Data Selector Data

GitHub Link to Code.

Data selector data entity for storing frame selection configurations.

This module contains the DataSelectorData class that stores frame selection configurations including selected frame indices and selection criteria. This is the row-selection counterpart to FeatureSelectorData (which selects columns).

class mdxplain.data_selector.entities.data_selector_data.DataSelectorData(name: str)

Data entity for storing trajectory-specific data selector configurations.

Stores frame indices per trajectory and selection criteria for trajectory frame selection. This entity serves as the counterpart to FeatureSelectorData, focusing on row selection instead of column selection.

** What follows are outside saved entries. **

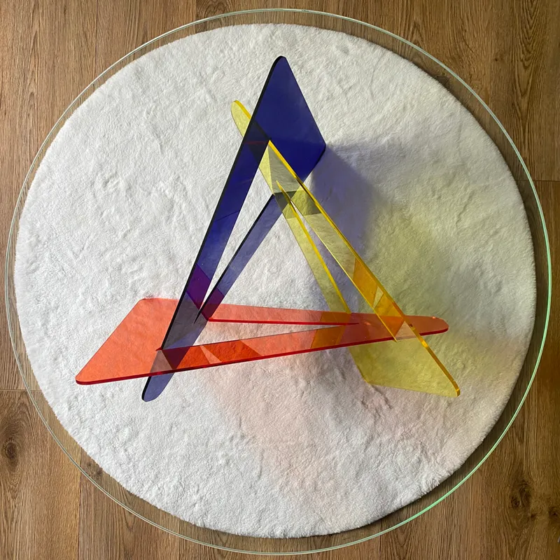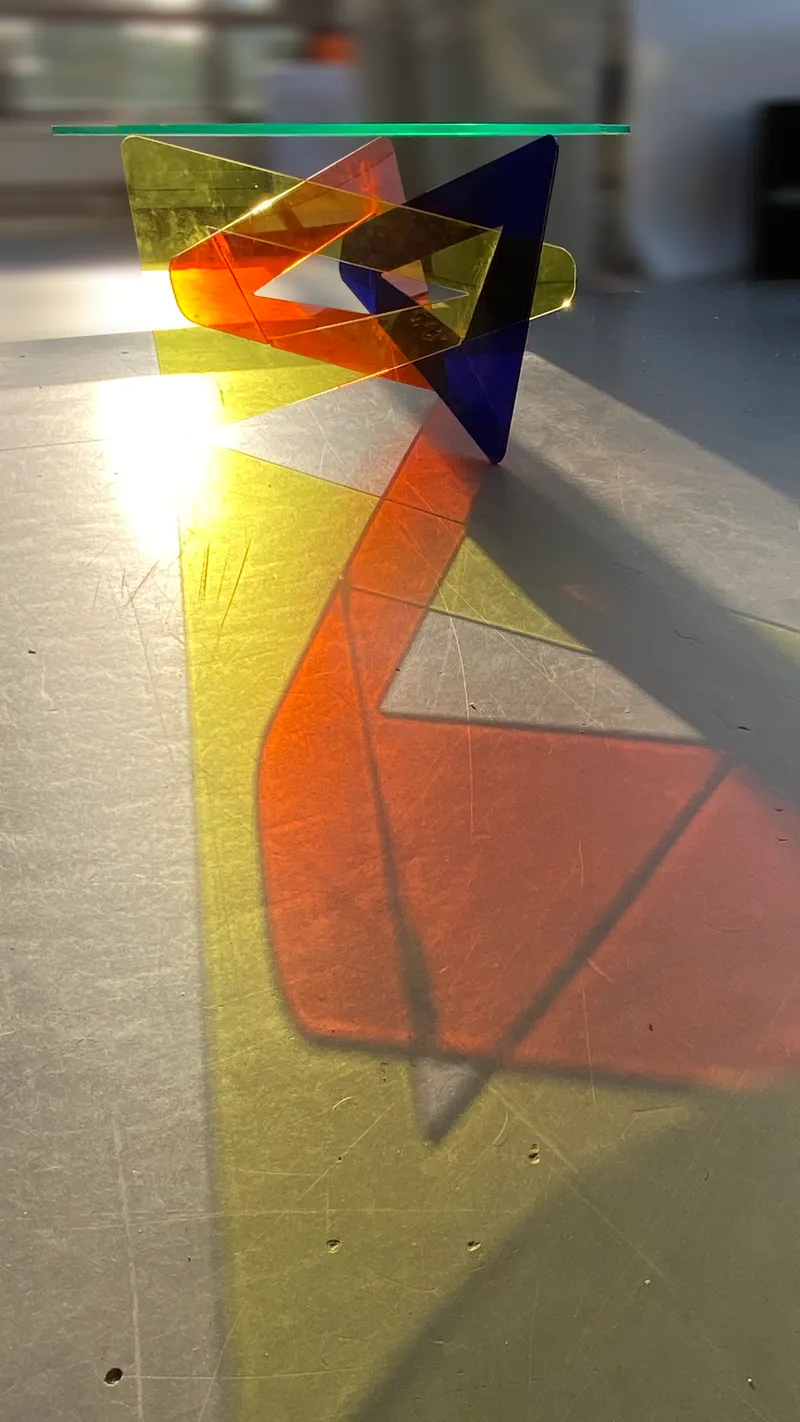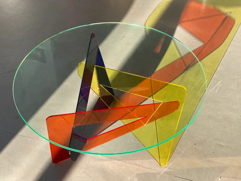 The TRI: table BASSE-A uses vibrant yellow, blue, and amber Coloured Tinted Cast Acrylic, laser-cut into a geometric base with a clear acrylic top, creating a lively centerpiece. The TRI: table BASSE-WW combines walnut veneered MDF, precisely cut with CNC technology, forming a sturdy base for a circular glass top.
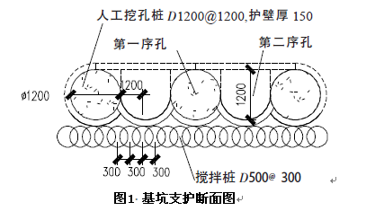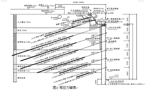 樁為圓樁與方樁(有效邊長(zhǎng)為1.2m)兩種,分一序圓樁、二序方樁施工,直徑D1200mm,樁中心距1200mm,護(hù)壁厚150mm,緊密連接形成一個(gè)連接的墻體,作為地下室外墻使用,樁頂冠梁800mm×1200mm,樁身與冠梁混凝土等級(jí)均采用C30,錨索位置設(shè)置鋼筋混凝土腰梁,錨索張拉鎖定在腰梁上。
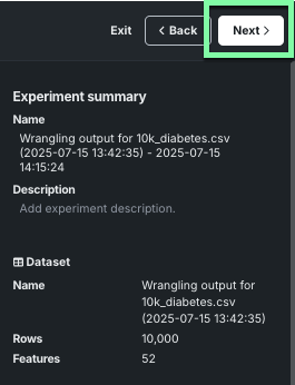 If the dataset needs further modification, you can choose to keep wrangling. Otherwise, from the new output dataset, click Data actions > Start modeling to set up a new experiment.
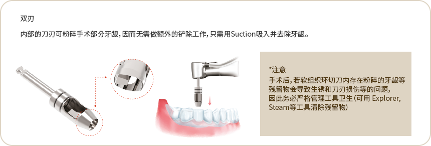 - 适用于铲除软组织(将手术部位的牙龈切成圆形)
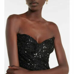 This sultry minidress from Dolce&Gabbana is perfect for your next party. It’s made from embellished lace and has a sweetheart neckline with a flattering cross-over silhouette.

The DataSelectorData works with the 2-level dictionary structure where each trajectory has its own frame indices, supporting the new trajectory- specific architecture.

Attributes

namestr

Name identifier for this data selector configuration

trajectory_framesDict[int, List[int]]

Dictionary mapping trajectory indices to lists of selected frame indices

selection_criteriaDict[str, Any]

Dictionary containing selection criteria and operations history

Examples

>>> selector_data = DataSelectorData("folded_frames")
>>> selector_data.set_trajectory_frames({0: [0, 5, 12], 1: [18, 25]})
>>> print(f"Selected {selector_data.n_selected_frames} frames")
5
>>> # With selection criteria
>>> criteria = {"type": "cluster", "clustering": "conformations", "cluster_ids": [0]}
>>> selector_data.append_selection_criteria(criteria)
>>> print(selector_data.get_selection_info())
__init__(name: str) None

Initialize data selector data with given name.

Parameters

namestr

Name identifier for this data selector configuration

Returns

None

Initializes empty DataSelectorData with given name

Examples

>>> selector_data = DataSelectorData("active_site_frames")
>>> print(selector_data.name)
'active_site_frames'
>>> print(len(selector_data.trajectory_frames))
0
property n_selected_frames: int

Get total number of selected frames across all trajectories.

Returns

int

Total number of frames in the selection

Examples

>>> selector_data.set_trajectory_frames({0: [1, 5, 10], 1: [2, 7]})
>>> print(selector_data.n_selected_frames)
5
set_trajectory_frames(trajectory_frames: Dict[int, List[int]]) None

Set the selected frame indices per trajectory.

Parameters

trajectory_framesDict[int, List[int]]

Dictionary mapping trajectory indices to frame indices

Returns

None

Updates the trajectory_frames attribute

Examples

>>> selector_data = DataSelectorData("test")
>>> selector_data.set_trajectory_frames({0: [0, 10, 20], 1: [5, 15]})
>>> print(selector_data.trajectory_frames)
{0: [0, 10, 20], 1: [5, 15]}
get_trajectory_frames() Dict[int, List[int]]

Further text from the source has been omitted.